Q: Do you feel you can compete effectively with professional photography magazines?
Derek: When the going gets wierd, the wierd turn pro – hunter s thompson. The more people you have, with the right interface and the right experience, will always produce something better than a small group.
8020 publishing’s next title is going to be in the travel genre – travel stories, advice – the wisdom of first personaccounts. Everybody has something they know about somewhere. Wouldn’t you rather hear from someone who lives there rather than some paid outsider.
It’s not about getting rid of the editor – JPG uses a hybrid model – setting the tone, setting the standard, providing leadership – the community voting determines a pool from which the editor selects.
What’s the danger of no wisdom of editors – lots of babies and sunsets no matter what the theme is.
Jeremy: Lulu calls this a retro future model – at the end of the day its just a machine that craps books. You can use technology to disintermediate so that you don’t need to justify 50,000 copies of something to drive the market.

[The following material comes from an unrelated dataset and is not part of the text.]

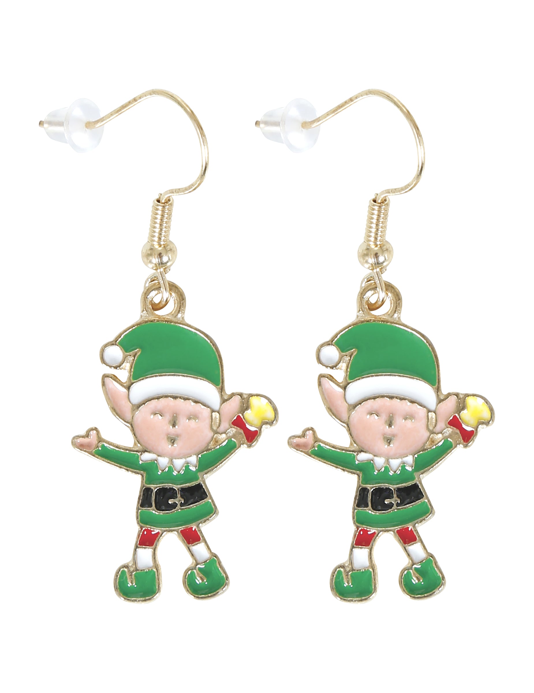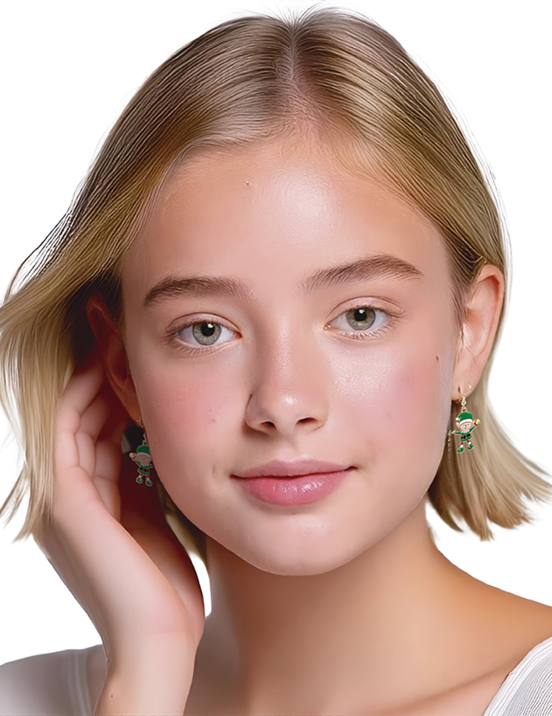 Tyto kovové náušnice s motivem vánočních skřítků dodají vašemu svátečnímu outfitu zábavný a třpytivý nádech. Každý přívěsek představuje veselého skřítka oblečeného do zelené a červené, což jsou ikonické barvy tohoto období. Jejich lehká zlatá konstrukce se při každém kroku krásně pohybuje, zachytává světlo a přitahuje pozornost. Ideální pro vánoční večeře, večírky nebo dokonce pro každodenní nošení během svátků.

The books don’t exist until someone buys them. Therefore it really doesn’t matter how many will buy a book before we make itavailable.
Q: Given the ease of use, why are their only 100,000 users? Everyone has a story to tell.
Jeremy: The problem is you actually do have to write it. It isn’t just enough to have a story to tell, you have to actually have told it. One of the problems is that people have a stigma about being self-published- it’s like the vanity press. There’s a different feeling in music, art – in book publishing it is still “will my mom still respect me if I’m published on lulu?”
And some professional use Lulu – SpiderWorks publishing on lulu – lots of mac titles, bridging out into Open Source titles.
The right Lulu customer doesn’t want the traditional publishing world – they choose to go through Lulu in order to retain control over their product.
JPG ended up using Lulu as a kind of launching pad – we looked at spending thousands of dollars per run in traditional offset printing versus free to us other than our time with Lulu, so it was infinitely more cost effective.
Q: What has evolved and changed over time?
Matt: Turns out people want to have sex, make money, and not be bored. Turned out that the most frequent question asked on JamGlue was “are you a boy or a girl” – originally we didn’t have gender on the pages.
Q: What kind of challenge has Yahoo! presented in terms of building community.
When you’re a small fry, you have to work really hard to define to every newcomer what is important – that are not going to go away, that you are trustworthy, etc.
But if you’re the size of a planet – you have to spend more time with every new user to show that you’re not evil.
Q: from audience – what do you do with a pro user who looks great but then ends up going bad – what happens when someone who was one of your best users suddenly starts posting photo ads or whatever.
Derek – there needs to be someone there whose job it is to respond and deal with those issues – it means you need to have someone who is in the community – dude, whassup?
How do you build a reward system – you provide a clear sense of this is what we want, and what we’re about – and a certain kind of photography – when people wander away from that, we have a community of people who care about that and want to tell us – report a problem link – a ratting out interface.
Turns out that people who’s photos you’ve removed for a given problem actually become those who are the most likely to then patrol the rest of the site.
Lulu – it’s about curated concensus – true community members manage their own communities. As Bob Young says – its easy to game Lulu: just get half-a-million of your closest friends to buy your book and everyone wins.
Best question from the audience – where do you fall on the spectrum of anonymous / pseudonomous / real user base – you learn over time, together – you are looking for consistent behavior attached to a given name – whether it is their real name or not.
Derek: we have Firstname Lastname fields but also username – so people can be anonymous. But in terms of getting published in the magazine, most of those users have a “real” firstname and lastname.
Heather – give people the tools to create their own environments and determine what they feel is appropriate.